Все эти измены, ссоры, укоры и красноречивые паузы, особенно со стороны дорогих друзей, однако, не направили Диккенса на путь самокритики. Единственная ошибка, которую он соглашался признать, заключалась в женитьбе на Кэт. Однако чувствуется, что во время всего этого дела ему было не по себе, его терзало чувство вины, хотя он и не называл вещи своими именами. Однажды вечером, вернувшись в Тависток-хаус, он увидел, что в цветнике притаился полицейский, и испытал «страх и тревогу», пока не понял, что страж порядка здесь вовсе не ради него… Несколько месяцев спустя его сильно встревожила обычная проверка, с которой другой полицейский пришел к Эллен Тернан, Диккенс даже обратился по этому поводу к приятелю из Скотленд-Ярда.

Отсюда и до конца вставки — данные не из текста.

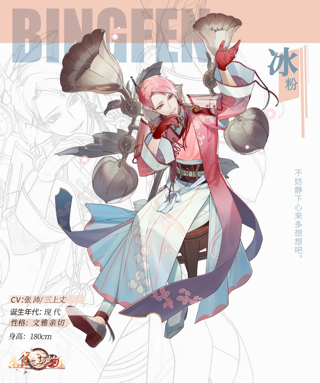 冰粉又被称为凉粉,是一道备受人们喜爱的夏季小吃,口其感冰凉香甜,又可以生津解暑,清凉降火。据传,冰粉始于明清时期,由此飨灵也设计成了一位身着国风服饰,性格温和亲切的先生形象,并且大千生的镇定用途也是来源于此。
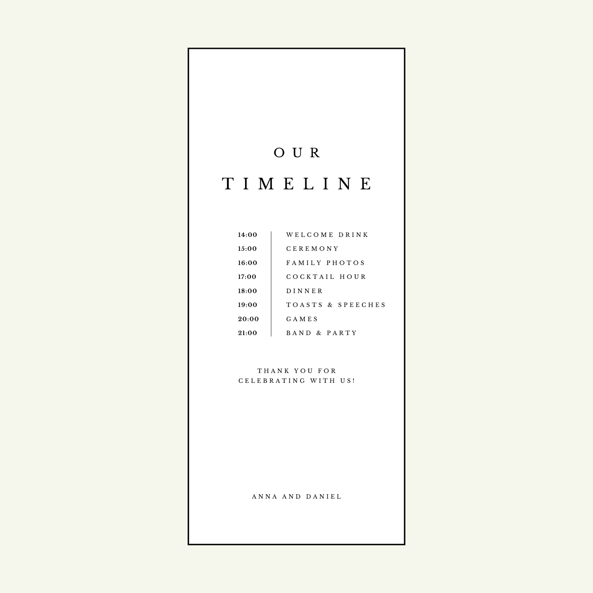 Turn your wedding timeline into more than just an itinerary — make it a beautiful keepsake that captures the spirit of your day. Perfect for weddings, elopements, and vow renewals alike.
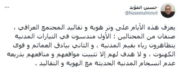 وشدد في تغريدة على حسابه بموقع التدوين المصغر تويتر، اليوم على أن: "يعزف هذه الأيام على وتر هوية وتقاليد المجتمع العراقي ، صنفان من المحتالين: الأول مندسون في التيارات المدنية يتظاهرون رياء بقيم المدنية".
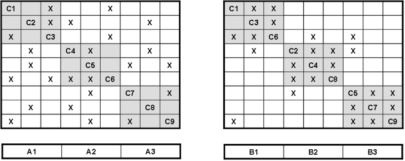Figure. Initial Arrangement of Aggregates on the Left; Final Arrangement After Reorganization on the Right. SEBoK Original.
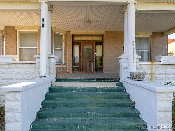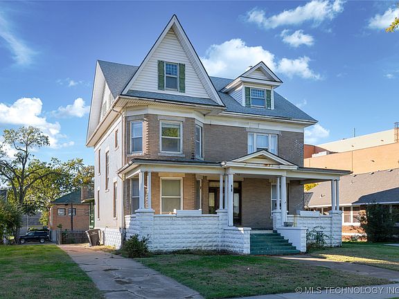 Discover the charm of yesteryear nestled in Bartlesville’s historical district. This spacious home has 4 bedrooms, 1.5 baths, and original architectural details that have stood the test of time — including wood craftsmanship, detailed molding, and gleaming hardwood floors. Three fireplaces and two living areas provide cozy spaces for gathering, with a spacious dining room add light and elegance. With 14’ ceilings and a large attic offering abundant storage, this home blends history and opportunity. unwind on the inviting front porch with a view of the city and take advantage of the backyard’s extra parking. With its solid craftsmanship and timeless appeal, this home is ready for a new owner to restore its former glory. Sold As Is
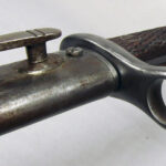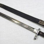 For your consideration, you are viewing an Antique piece of Spanish Military History, this is a Spanish M1913 Bayonet complete with a rare matching number Leather Scabbard, these were adopted in 1913 as the Bayoneta Modelo 1913, and this bayonet replaced the M1893 bayonet. With the introduction of the 7 mm M1916 Short Rifle in 1916, the M1913 bayonet was, instead, designated for use with this M1916 Rifle and subsequently also designated for use with the 8 mm M1943 Short Rifle. The M1913 bayonet was one of the rare bayonet types that utilized checker wood grips. The scabbard is stitched leather with a steel mount locket and drag. This example was made at Artilleria Fábrica Nacional, Toledo, Spain. This retains the Toledo crest, which is rare as so many of them have been polished off as was frequently done on military surplus bayonets.
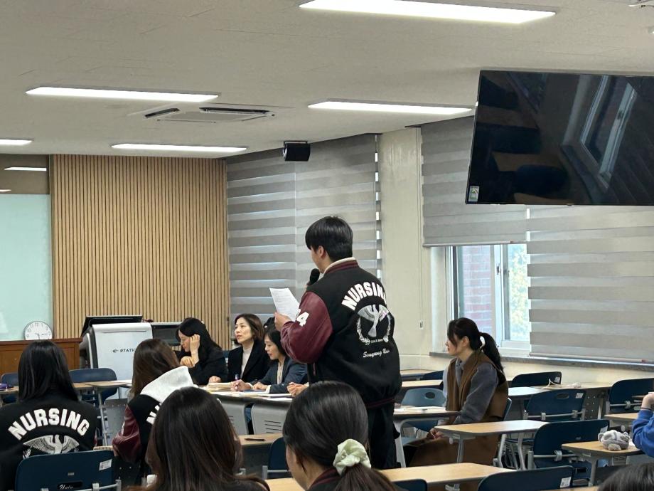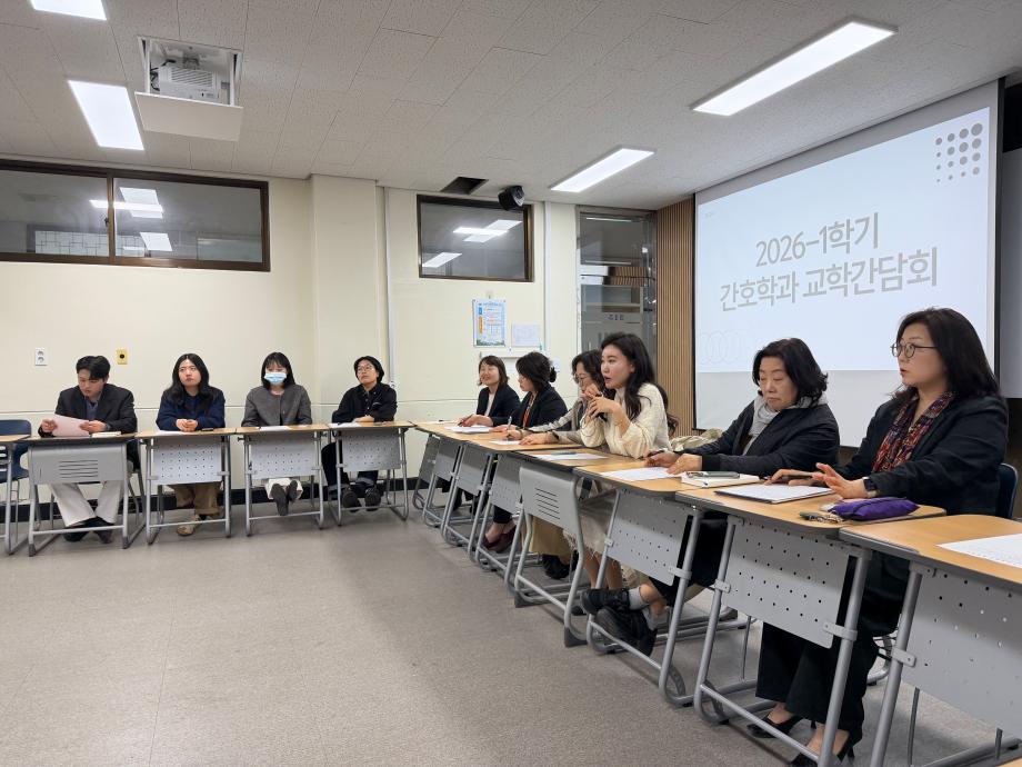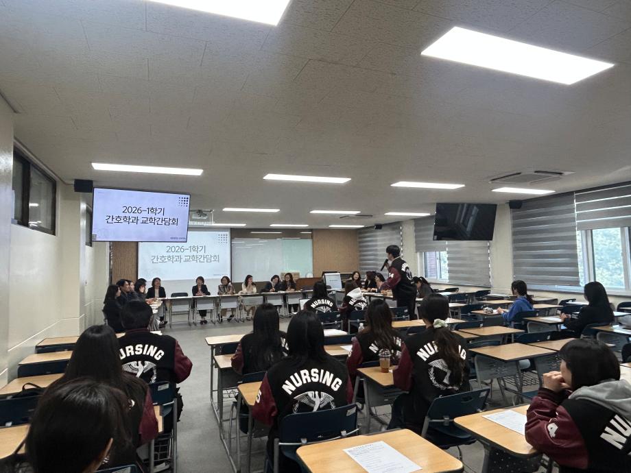 본문 시작 홈으로 커뮤니티 학과소개 교수소개 교육과정 학과소식 학과특성화 사업 커뮤니티 홈페이지가이드 포토갤러리 학사일정 포토갤러리 학생회 학과동아리 학과 취업정보 동창회 학과운영개선의견 발전기금 포토갤러리 페이스북 트위터 프린트 간호학과, 2026학년도 1학기 교학간담회 개최 간호학과 174 2026-04-09 간호학과는 4월 7일(화) 재학생, 교수진 및 행정실이 함께 참여하는 교학간담회를 개최하였다. 이번 간담회는 학습 환경 및 수업 운영, 학과 생활 전반에 대한 다양한 의견을 공유하고 소통하기 위해 마련되었다. 참석자들은 서로의 의견을 경청하며 학과 발전과 교육의 질 향상을 위한 방향에 대해 논의하는 시간을 가졌다. 간호학과는 앞으로도 구성원 간의 지속적인 소통을 통해 보다 나은 교육 환경을 조성해 나갈 예정이다. 목록 이전🧠세명대학교 간호학과, 3학년 대상 ‘치매파트너 교육’ 실시 담당부서 : 간호학과 담당자 : - 연락처 : 043-649-1357 최종수정일 : 2024-10-26 만족도조사 만족도 조사 이 페이지에서 제공하는 정보에 대하여 만족하시나요? 매우만족 만족 보통 불만족 매우불만족

Такое впечатление, что за фасадом популярности и социального преуспеяния всё еще прятался боязливый и сбитый с толку мальчик, посещавший Маршалси и фабрику Уоррена. Он всё никак не мог поверить, что то, чем он обладает, принадлежит ему по праву.

Вероятно, скандальный развод вновь вызвал вопрос о его неожиданном взлете и пробудил его главные страхи. «Что бы Диккенс ни делал, он не станет… я полагаю, вы понимаете, о чем я». Слово, опущенное Теккереем, — конечно же, «джентльмен». Ключевое слово, судьбоносное в те времена. Груз его происхождения, его нетипичного жизненного пути продолжал довлеть над самым знаменитым человеком в Англии. Желая любой ценой защитить свою честь, Диккенс лишь угодил в социальную ловушку, словно зверь, мечущийся в тенетах. Как очень верно сказала его собственная дочь, он был «слишком сложен, чтобы быть джентльменом», то есть чтобы тайно завести любовницу — полумера, вполне допустимая по понятиям того времени, с которой, возможно, смирилась бы даже Кэт, — и продолжать на людях жизнь, сотканную из двуличия и условностей… Сегодня его правдивость скорее вызывает симпатию. Но ему можно поставить в укор, что в своей искренности он не пошел до конца, а попытался в «украденном письме» возложить всю ответственность за разрыв на Кэт.

При всём при том он был «чудесным», как говорит та же Кэти. Чудесным писателем. Если как человек Диккенс не желал прислушиваться к голосу совести, в своих книгах он доведет самокопание до крайностей. Испытание разводом придаст его последним романам болезненную прозорливость и несравненную искренность.